• Raw data:
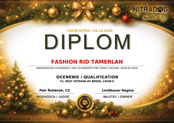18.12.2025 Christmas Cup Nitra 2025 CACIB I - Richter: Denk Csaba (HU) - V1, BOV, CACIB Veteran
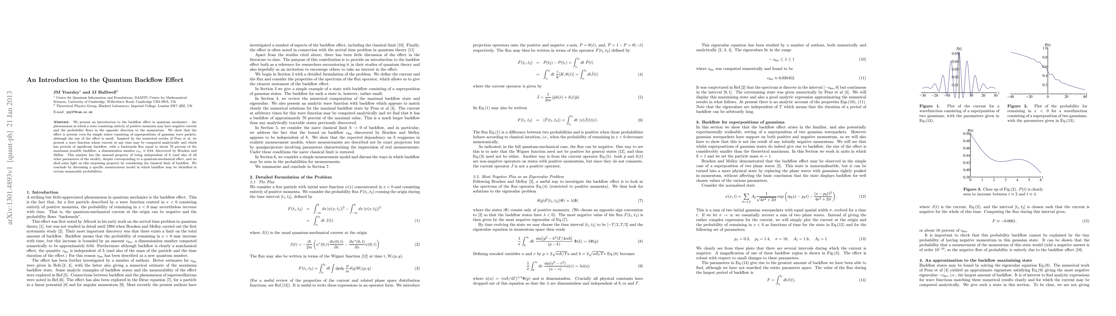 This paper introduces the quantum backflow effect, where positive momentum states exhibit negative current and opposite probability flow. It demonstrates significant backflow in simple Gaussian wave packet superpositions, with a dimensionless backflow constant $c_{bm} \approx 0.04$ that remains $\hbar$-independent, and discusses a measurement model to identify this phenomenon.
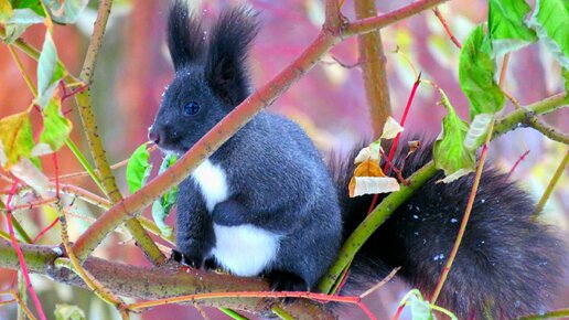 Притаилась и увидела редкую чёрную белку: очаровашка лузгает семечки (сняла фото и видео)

• The problem:
I would like the data above transcribed exactly, with its pictures left out.

• Solution to this problem:
18.12.2025 Christmas Cup Nitra 2025 CACIB I - Richter: Denk Csaba (HU) - V1, BOV, CACIB Veteran
 This paper introduces the quantum backflow effect, where positive momentum states exhibit negative current and opposite probability flow. It demonstrates significant backflow in simple Gaussian wave packet superpositions, with a dimensionless backflow constant $c_{bm} \approx 0.04$ that remains $\hbar$-independent, and discusses a measurement model to identify this phenomenon.
 Притаилась и увидела редкую чёрную белку: очаровашка лузгает семечки (сняла фото и видео)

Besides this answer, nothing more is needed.